China's credit data for January beat expectations. New bank lending and total social financing, the broadest measure of credit, both posted record monthly highs. However, January is a seasonally strong month, and a year-on-year comparison puts credit creation on a gradual uptrend as in the fourth quarter. The January release reflects credit conditions ahead of the Lunar New Year and, therefore, misses much of the coronavirus impact. In terms of composition, the numbers show downward pressure continuing on shadow banking activity, a key medium-term priority for China's financial regulators. Net government bond issues were a standout at over three times higher than in January 2019, confirming that lending policy was easing before the coronavirus struck.  

People's Bank of China (PBoC) cuts prime lending rate

As widely expected, China's central bank followed its early February cut in interbank rates with further cuts to key rates. On Monday, the medium-term lending rate was cut to the lowest level since 2017, while the PBoC also injected RMB ¥100 billion of liquidity into the money markets via seven-day reverse repurchase agreements. This was followed on Thursday by a 10-basis-point reduction in the important loan prime rate, a key lending rate for banks. Further cuts of 10 basis points are expected in the coming months. While providing support against the coronavirus disruption is a short-term priority, most market analysts do not look for major monetary easing.

The PBoC released its quarterly Monetary Policy Report (MPR), in which it said that it was important to provide support to firms hit by COVID-19, but the impact on the Chinese economy in terms of magnitude and duration was expected to be limited. Consumer price index (CPI) inflation jumped 1.0% in January to 5.5%, the highest rate since 2011, but the MPR indicated the central thought the situation manageable. The Lunar New Year, higher pork prices due to African swine fever, and the impact of supply shortages due to the coronavirus were all to blame. China's core inflation, in contrast, was unchanged at 1.5% year over year. Even a temporary rise in CPI inflation is unwelcome, however, with the economy under pressure. It reduces real household income at a time when the trend growth in nominal income has slowed to around 6.0%.

Other Key Markets

Turkish shares fall on rising tensions with Russia

Stocks in Turkey, as measured by the BIST 100 Index, fell about 2.8%. The market, along with other emerging markets, benefited early in the week from news of Chinese stimulus measures intended to blunt the economic impact from disruptions stemming from the COVID-19 coronavirus. Expectations for a central bank interest rate cut—which did occur on Wednesday—were also supportive.
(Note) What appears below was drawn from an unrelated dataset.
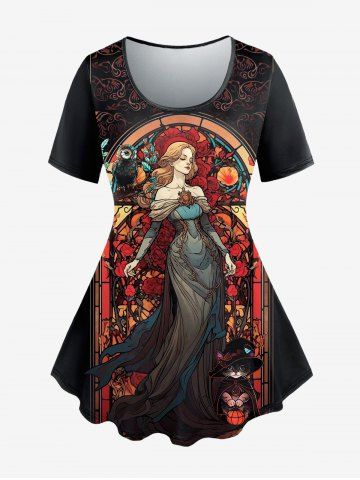 N*****e5Plus Size Princess Flower Window Owl Cat Print T-shirtColor: RED Size: 1Xmerci

However, rising tensions between Turkey and Russia weighed on the market later in the week, as Turkish President Recep Tayyip Erdogan threatened to make more significant military moves in Syria, a Russian ally, in retaliation for recent Turkish troop casualties apparently caused by Russian-backed Syrian forces. Erdogan also wants to prevent the Syrian military’s advance on Idlib, one of the last major strongholds for various rebel groups in the nine-year-long Syrian civil war.

In fact, Erdogan—who riled the U.S. and other NATO allies with his purchase of Russian S-400 military hardware in recent months—seems to have done a geopolitical about-face, as media reports indicate that he has requested U.S. Patriot missile batteries to protect Turkish military assets from Syria’s offensive. Erdogan also seems interested in preventing a new wave of war refugees from entering Turkey.
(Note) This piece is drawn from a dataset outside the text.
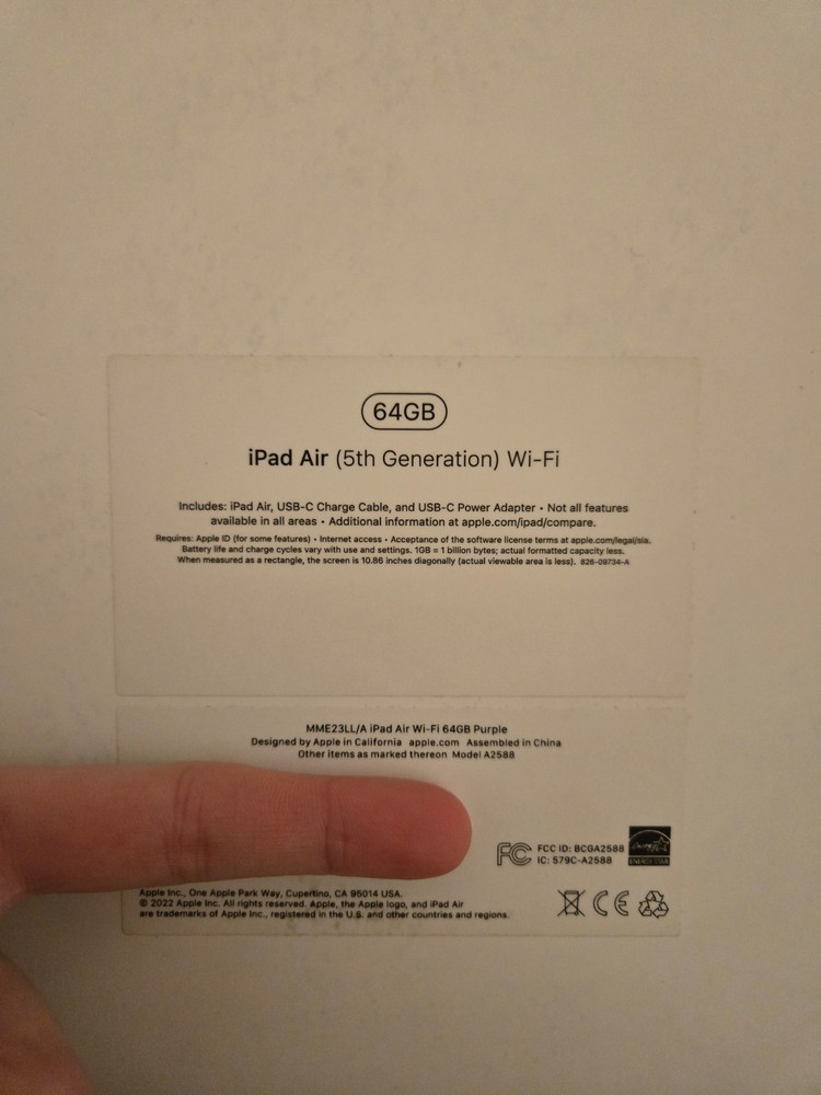 Used iPad Air 5th Generation - 64Gb Purple - used a few times, but in near-perfect condition. Comes with the original box, but no accessories.

Brazilian markets fall on virus-related commodity weakness

Shares in Brazil, as measured by the Bovespa Index, fell about 1.0%. After a solid first half of the week, equities weakened on Thursday and Friday amid concerns that the spreading coronavirus would reduce Chinese and global demand for Brazil’s commodity and natural resource exports. Disappointing economic data readings, consumer price inflation at 25-year lows, and weakness in the currency, which has recently touched all-time lows versus the U.S. dollar, were some of the other factors weighing on the market.